_The problem_:
Each record below must be reproduced exactly as it reads, with its images omitted.

_Data excerpts_:

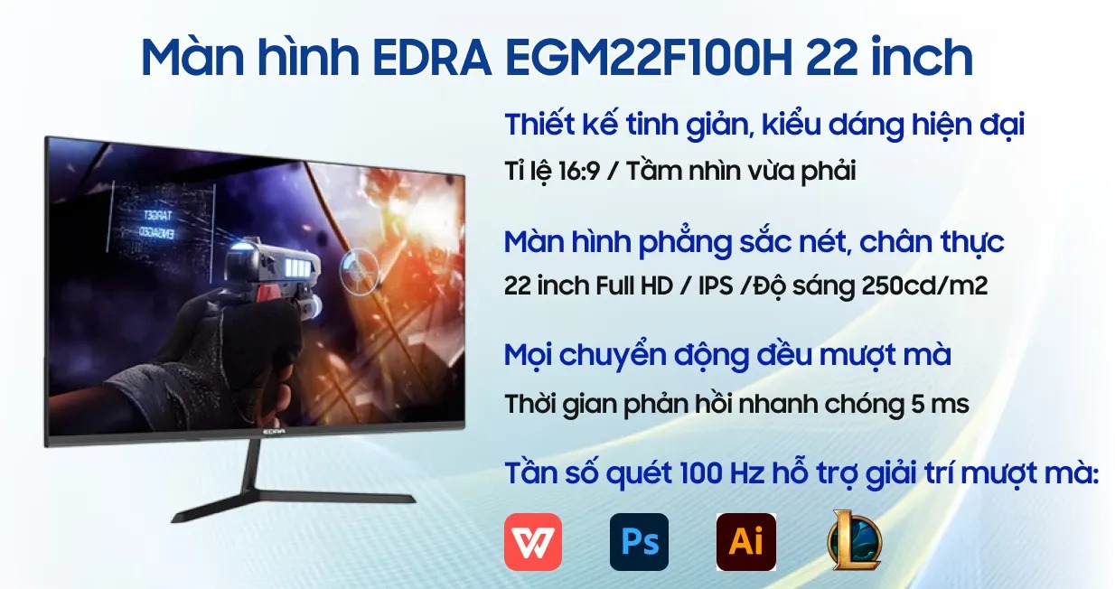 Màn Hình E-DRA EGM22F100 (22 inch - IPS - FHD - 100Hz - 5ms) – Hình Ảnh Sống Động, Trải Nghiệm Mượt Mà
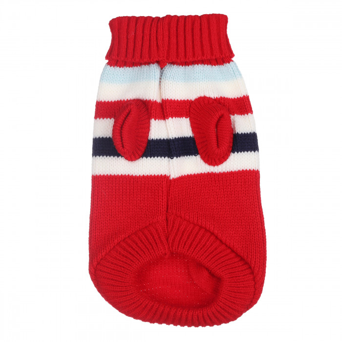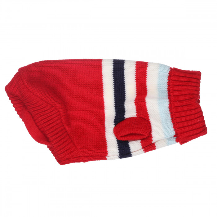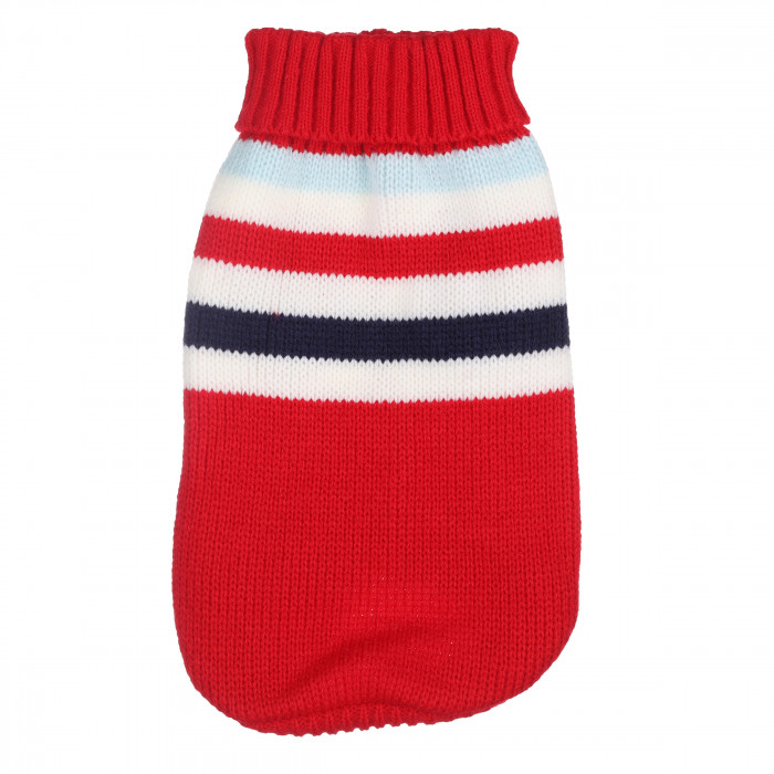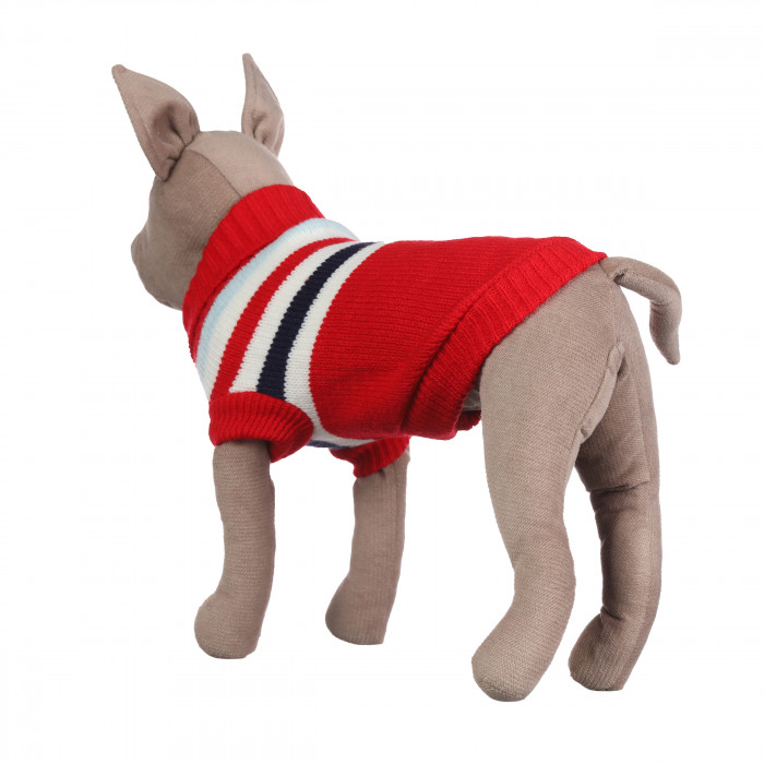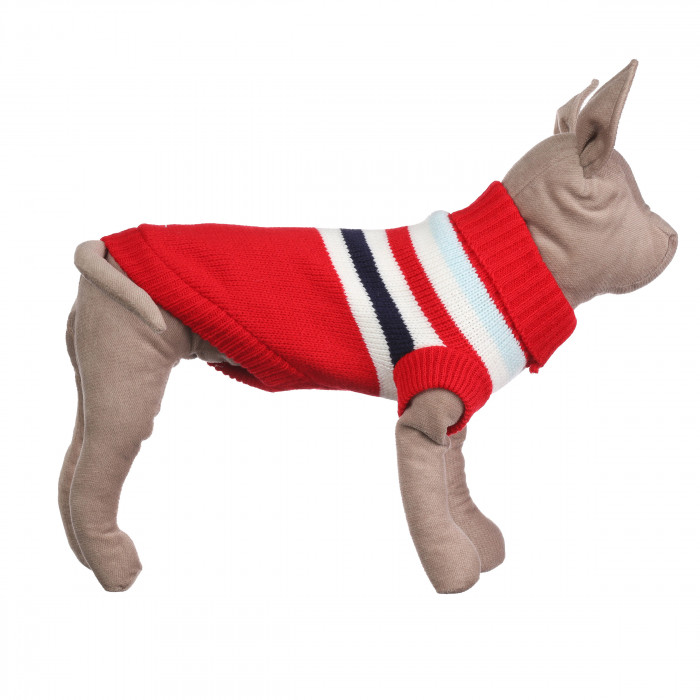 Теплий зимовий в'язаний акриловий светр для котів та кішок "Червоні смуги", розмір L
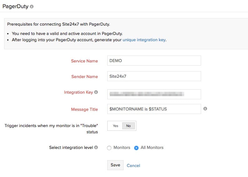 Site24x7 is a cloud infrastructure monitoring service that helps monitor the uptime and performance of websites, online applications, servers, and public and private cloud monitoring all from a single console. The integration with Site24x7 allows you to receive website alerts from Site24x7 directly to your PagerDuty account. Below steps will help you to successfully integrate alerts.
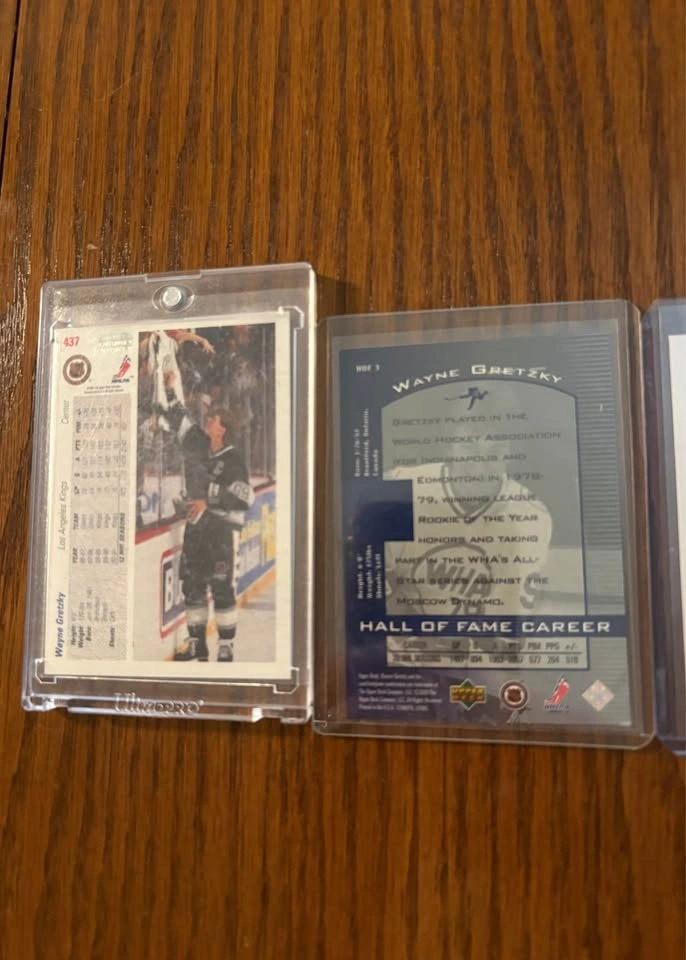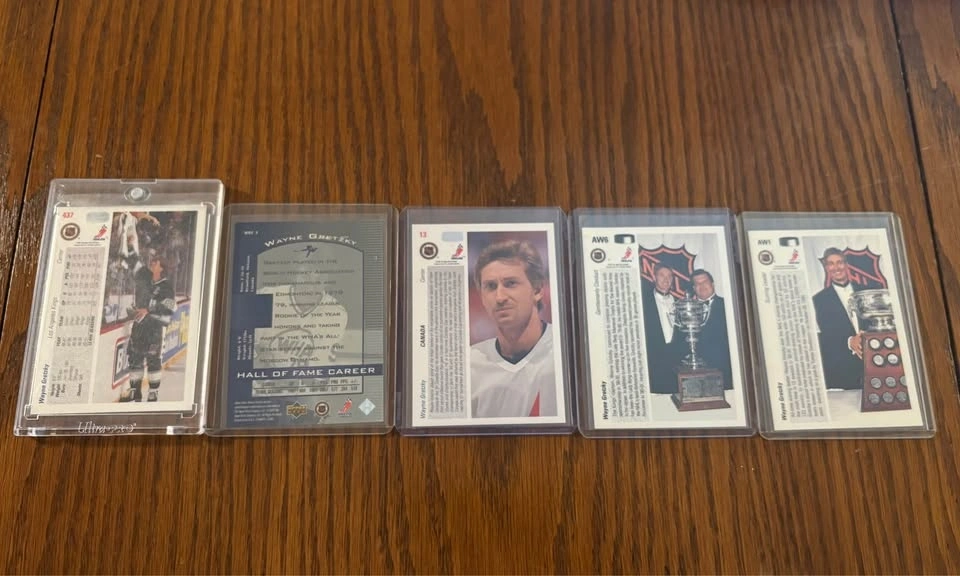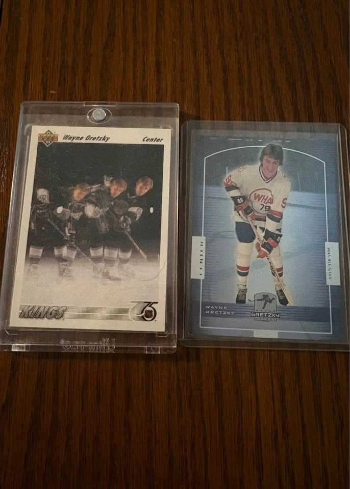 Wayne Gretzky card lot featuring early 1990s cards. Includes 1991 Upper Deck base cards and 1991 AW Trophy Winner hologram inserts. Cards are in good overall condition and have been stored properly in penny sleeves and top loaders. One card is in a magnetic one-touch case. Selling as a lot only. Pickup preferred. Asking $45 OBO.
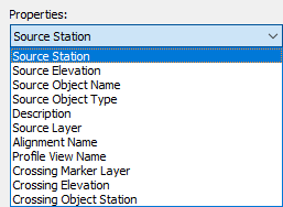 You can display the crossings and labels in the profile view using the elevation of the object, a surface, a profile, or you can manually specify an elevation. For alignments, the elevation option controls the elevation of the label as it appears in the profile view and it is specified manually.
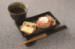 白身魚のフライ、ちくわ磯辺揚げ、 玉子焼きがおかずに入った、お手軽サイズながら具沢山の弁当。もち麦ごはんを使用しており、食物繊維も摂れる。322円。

_Answer to this exercise_:
 Màn Hình E-DRA EGM22F100 (22 inch - IPS - FHD - 100Hz - 5ms) – Hình Ảnh Sống Động, Trải Nghiệm Mượt Mà
 Теплий зимовий в'язаний акриловий светр для котів та кішок "Червоні смуги", розмір L
 Site24x7 is a cloud infrastructure monitoring service that helps monitor the uptime and performance of websites, online applications, servers, and public and private cloud monitoring all from a single console. The integration with Site24x7 allows you to receive website alerts from Site24x7 directly to your PagerDuty account. Below steps will help you to successfully integrate alerts.
 Wayne Gretzky card lot featuring early 1990s cards. Includes 1991 Upper Deck base cards and 1991 AW Trophy Winner hologram inserts. Cards are in good overall condition and have been stored properly in penny sleeves and top loaders. One card is in a magnetic one-touch case. Selling as a lot only. Pickup preferred. Asking $45 OBO.
 You can display the crossings and labels in the profile view using the elevation of the object, a surface, a profile, or you can manually specify an elevation. For alignments, the elevation option controls the elevation of the label as it appears in the profile view and it is specified manually.
 白身魚のフライ、ちくわ磯辺揚げ、 玉子焼きがおかずに入った、お手軽サイズながら具沢山の弁当。もち麦ごはんを使用しており、食物繊維も摂れる。322円。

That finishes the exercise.